■ Task instructions ■
Give an exact copy of the data that follows, but none of its pictures.

■ Exercise data ■
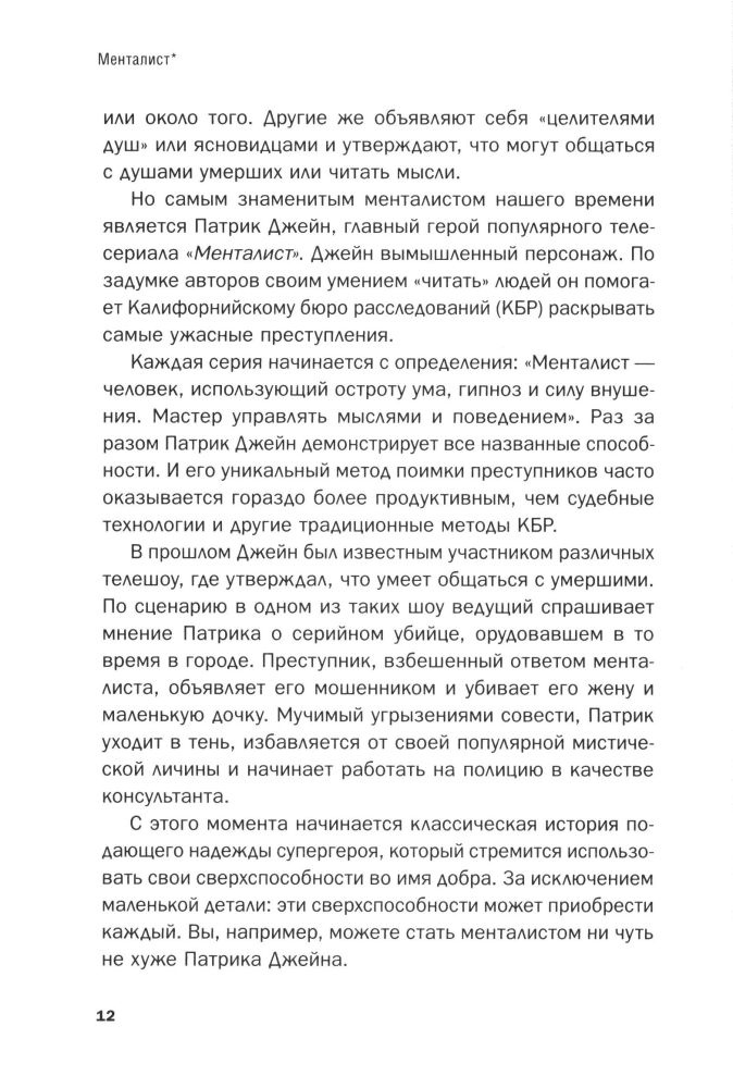 Менталист. Скрытые механизмы влияния на окружающихВ данный момент этот товар отсутствует в продаже. Возможно, у нас найдется аналогичный или похожий товар здесь. Серия: Менталист Кто такой менталист? Медиум, гипнотизер или обычный манипулятор? Как, всего лишь за несколько минут, он может узнать о человеке практически все, просто наблюдая за ним? Автор этой книги - Саймон Уинтроп - раскроет главные секреты героя сериала "Менталист" Патрика Джейна. Освоив определенные техники, Вы научитесь "читать" людей, словно открытую книгу, а также управлять их мыслями и поведением. С помощью этой книги Вы сможете начать свой собственный путь к вершинам ментального искусства! |
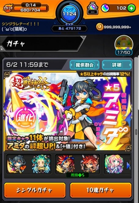 ●モンスト●超・獣神祭 新限定キャラ アミダ ×[PR]上記の広告は3ヶ月以上新規記事投稿のないブログに表示されています。新しい記事を書く事で広告が消えます。 ランキング参加中! ただいまコメントを受けつけておりません。 ●モンスト●超・獣神祭 新限定キャラ アミダ 超獣神祭に新限定キャラ「アミダ」登場!? 知らなかった・・・・・・ コラボやら属性限定等々、今年はとっても怪しい年だと思ってるんでスルー!! 今すぐ手に入れなければ・・・・・・ってわけでもなさそうだしね。 が、、、右手はおかまいなし!! 10連いってしまった!! ノブナガ(5体目)。 ここ最近、同じキャラの排出が凄いような気がする。 5体目のxx ってのが増えてきた。 持ってないキャラ、かなりあるのにな。 PR ランキング参加中!
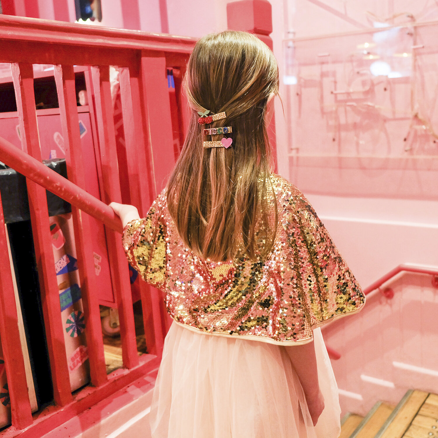 Mit diesem Cape von Rockahula sehen die Kleinen nicht nur zur Faschingszeit super modisch aus! Verziert mit schimmernden goldenen Pailletten und einem glitzernden goldenen Stern-Klettverschluss sieht es einfach umwerfend aus. Dazu kommt, dass es komplett mit einem goldenen Sternchenfutter gefüttert und wendbar ist – das bietet direkt doppelten Spaß!
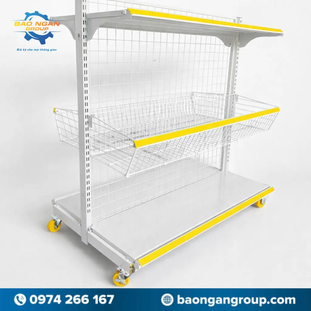 Nếu cửa hàng cần trưng bày nhiều mì gói hơn và tận dụng tốt diện tích, bạn có thể tham khảo kệ lưng lưới của Bảo Ngân Group. Kệ được làm từ sắt sơn tĩnh điện chắc chắn, thiết kế nhiều tầng giúp trưng bày được nhiều sản phẩm, gọn gàng và dễ sắp xếp. Phù hợp cho tạp hóa, siêu thị mini và cửa hàng tiện lợi. Ngoài ra, kệ có thể sản xuất theo kích thước yêu cầu, giúp tối ưu không gian bán hàng và làm nổi bật sản phẩm mì gói tại điểm bán.

■ Solution for this problem ■
 Менталист. Скрытые механизмы влияния на окружающихВ данный момент этот товар отсутствует в продаже. Возможно, у нас найдется аналогичный или похожий товар здесь. Серия: Менталист Кто такой менталист? Медиум, гипнотизер или обычный манипулятор? Как, всего лишь за несколько минут, он может узнать о человеке практически все, просто наблюдая за ним? Автор этой книги - Саймон Уинтроп - раскроет главные секреты героя сериала "Менталист" Патрика Джейна. Освоив определенные техники, Вы научитесь "читать" людей, словно открытую книгу, а также управлять их мыслями и поведением. С помощью этой книги Вы сможете начать свой собственный путь к вершинам ментального искусства! |
 ●モンスト●超・獣神祭 新限定キャラ アミダ ×[PR]上記の広告は3ヶ月以上新規記事投稿のないブログに表示されています。新しい記事を書く事で広告が消えます。 ランキング参加中! ただいまコメントを受けつけておりません。 ●モンスト●超・獣神祭 新限定キャラ アミダ 超獣神祭に新限定キャラ「アミダ」登場!? 知らなかった・・・・・・ コラボやら属性限定等々、今年はとっても怪しい年だと思ってるんでスルー!! 今すぐ手に入れなければ・・・・・・ってわけでもなさそうだしね。 が、、、右手はおかまいなし!! 10連いってしまった!! ノブナガ(5体目)。 ここ最近、同じキャラの排出が凄いような気がする。 5体目のxx ってのが増えてきた。 持ってないキャラ、かなりあるのにな。 PR ランキング参加中!
 Mit diesem Cape von Rockahula sehen die Kleinen nicht nur zur Faschingszeit super modisch aus! Verziert mit schimmernden goldenen Pailletten und einem glitzernden goldenen Stern-Klettverschluss sieht es einfach umwerfend aus. Dazu kommt, dass es komplett mit einem goldenen Sternchenfutter gefüttert und wendbar ist – das bietet direkt doppelten Spaß!
 Nếu cửa hàng cần trưng bày nhiều mì gói hơn và tận dụng tốt diện tích, bạn có thể tham khảo kệ lưng lưới của Bảo Ngân Group. Kệ được làm từ sắt sơn tĩnh điện chắc chắn, thiết kế nhiều tầng giúp trưng bày được nhiều sản phẩm, gọn gàng và dễ sắp xếp. Phù hợp cho tạp hóa, siêu thị mini và cửa hàng tiện lợi. Ngoài ra, kệ có thể sản xuất theo kích thước yêu cầu, giúp tối ưu không gian bán hàng và làm nổi bật sản phẩm mì gói tại điểm bán.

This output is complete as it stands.